Bank Account Survival Analysis

Published

September 1, 2023

Ever wondered how long your savings will last? Your bank wants to know that too.

Survival Analysis

In my past life as an ecologist, we learned about survival models, but it turns out they show up in all sorts of domains (economics, engineering, and sociology to name a few). Wikipedia puts it well:

Survival analysis attempts to answer certain questions, such as what is the proportion of a population which will survive past a certain time? Of those that survive, at what rate will they die or fail? Can multiple causes of death or failure be taken into account? How do particular circumstances or characteristics increase or decrease the probability of survival?

Now that I work in finance, I’ve learned that Asset & Liability Managers (ALM) at the bank are interested in estimating the average life of various types of bank accounts. A good average life model allows ALM folks to predict future patterns in deposits, a hot topic in this current economic environment.

Average Life of Bank Accounts

Account Balances

Let’s start with some fake data.

set.seed(123)
library(tidyverse)
── Attaching core tidyverse packages ──────────────────────── tidyverse 2.0.0 ──
✔ dplyr     1.1.4     ✔ readr     2.1.5
✔ forcats   1.0.1     ✔ stringr   1.5.2
✔ ggplot2   4.0.0     ✔ tibble    3.3.0
✔ lubridate 1.9.4     ✔ tidyr     1.3.1
✔ purrr     1.1.0     
── Conflicts ────────────────────────────────────────── tidyverse_conflicts() ──
✖ dplyr::filter() masks stats::filter()
✖ dplyr::lag()    masks stats::lag()
ℹ Use the conflicted package (<http://conflicted.r-lib.org/>) to force all conflicts to become errors
library(knitr) # for `kable()`

n_accounts <- 500

floor_zero <- function(x) ifelse(x < 0, 0, x)

balance_by_month <- expand_grid(
  account_id = as.character(seq_len(n_accounts)), 
  date = ymd(080101) + months(0:11)
) |> 
  mutate(month = month(date, label = TRUE, abbr = FALSE)) |> 
  group_by(account_id) |> 
  mutate(
    balance = account_id |> 
      rnorm(mean = 0, sd = 1000) |> 
      cumsum() |> 
      floor_zero()
  )

balance_by_month |> 
  head() |> 
  kable()
account_id date month balance
1 2008-01-01 January 0.0000
1 2008-02-01 February 0.0000
1 2008-03-01 March 768.0552
1 2008-04-01 April 838.5636
1 2008-05-01 May 967.8513
1 2008-06-01 June 2682.9163

So we’ve got monthly balances for one year from 500 accounts. Let’s plot the data!

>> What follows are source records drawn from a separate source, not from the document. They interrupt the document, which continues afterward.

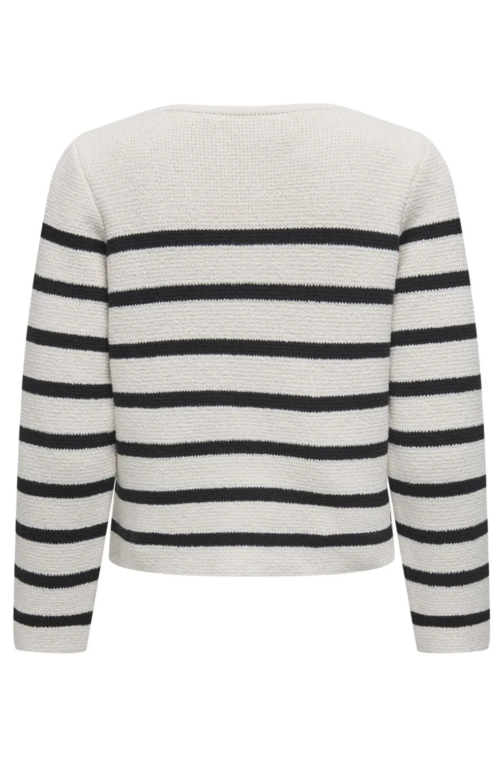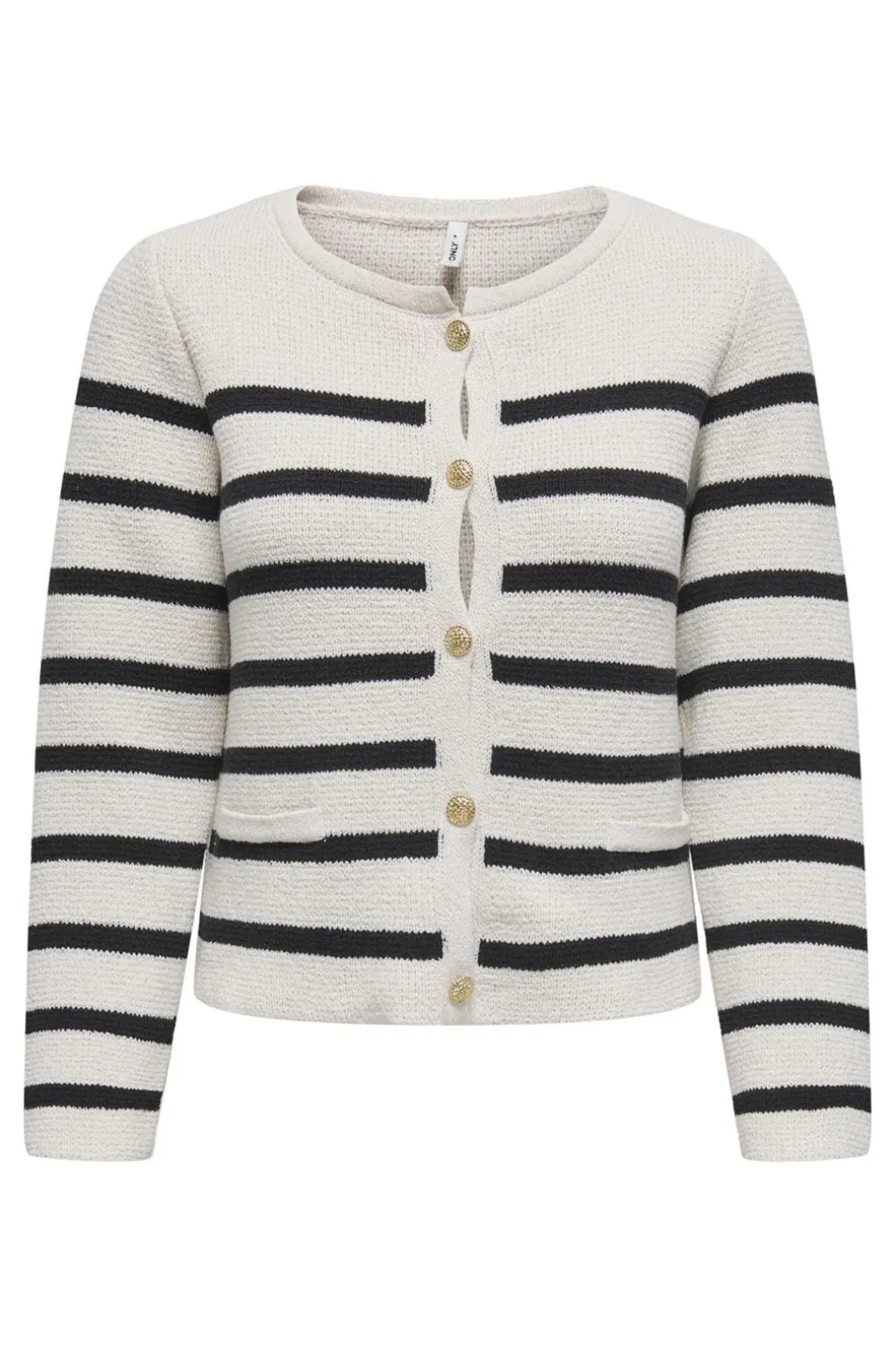 Stribet cardigan fra Only med cremehvide og sorte striber. Den har en rund halsudskæring og knapper foran. Cardiganen er lavet af en blanding af polyester og genanvendt bomuld.
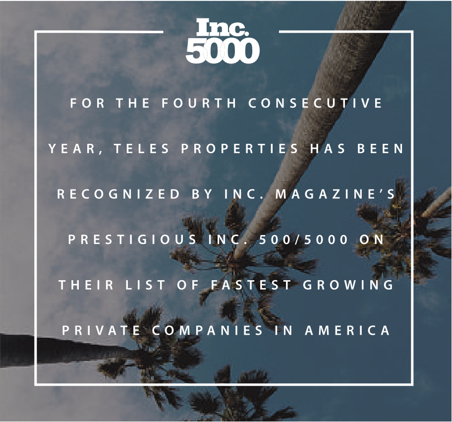 F O R T H E F O U R T H C O N S E C U T I V E Y E A R , T E L E S P R O P E R T I E S H A S B E E N R E C O G N I Z E D B Y I N C . M A G A Z I N E ’ S P R E S T I G I O U S I N C . 5 0 0 / 5 0 0 0 O N T H E I R L I S T O F F A S T E S T G R O W I N G P R I V A T E C O M P A N I E S I N A M E R I C A
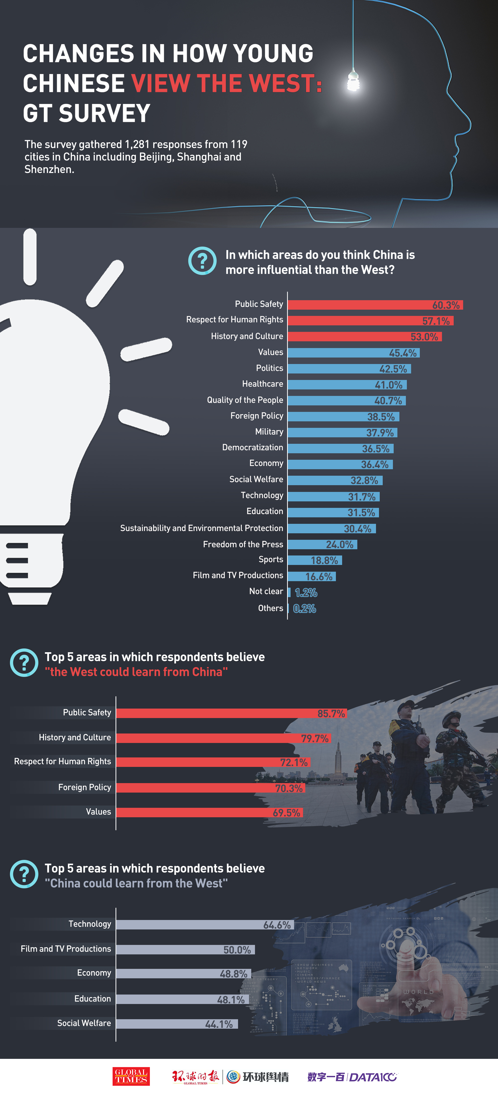 Approximately 90 percent of the young Chinese participating in the latest survey conducted by the Global Times Research Center believe China should not "look up to the West" anymore, with more people in the past five years even "looking down on the West" due to multiple reasons including China's achievements in its development and the West's failed handling of the COVID-19 pandemic.

ggplot(balance_by_month, aes(x = date, y = balance, fill = account_id)) +
  geom_line(alpha = 0.2)

We’ve got some random walks floored at zero. We’re assuming that balances can’t be negative. It looks like some folks are doing really well but others not so much. How do we translate these balances to survival models.

Defining the Event

Survival analysis is all about examining time-to-event phenomena. Back in ecology land, the event was death, but when does a bank account die? Earlier we floored balances at zero. Some banks charge overdraft fees, so when a customer reaches zero, they’re likely to be charged a fee. We’ll just assume that reaching zero means that a bank account is done for. First let’s calculate the first month that the account hit zero. That’s when the “death” event occurs.

first_zero_month <- balance_by_month |> 
  filter(balance == 0) |> 
  summarise(first_zero_month = min(.data$month))

ggplot(first_zero_month, aes(x = first_zero_month)) + 
  geom_bar()

It looks like a cascade of death events. Most occur in the first month with fewer and fewer as the year goes on. But we’ve got a problem! We need to represent this in the data. In this analysis, we don’t want bank accounts to suddenly come back alive! We need to define our event clearly.

event_by_month <- balance_by_month |> 
  left_join(first_zero_month, by = "account_id") |> 
  mutate(event = if_else(month >= first_zero_month, 1, 0)) |> 
  mutate(month = as.integer(month)) |> 
  select(account_id, month, event)

event_by_month |> 
  head() |> 
  kable()
account_id month event
1 1 1
1 2 1
1 3 1
1 4 1
1 5 1
1 6 1

Now our event column stays put once the account balance hits zero.

Fitting Our First Survival Model

Survival models are built in to R. Ain’t that great? Let’s fit a model.

library(survival)

fit_customer <- survfit(Surv(time = event_by_month$month, event = event_by_month$event) ~ 1)

plot(fit_customer, xlab = "Time", ylab = "Survival Probability", main = "Survival Curve for Customers")

Base R plots are just the best sometimes. Now let’s calculate the average life of an account using the Kaplan-Meier estimator.

survival_prob <- fit_customer$surv
times <- fit_customer$time
delta_time <- c(times[1], diff(times))
account_avg_life <- sum(survival_prob * delta_time)

There you have it! On average an account lasts 6 months.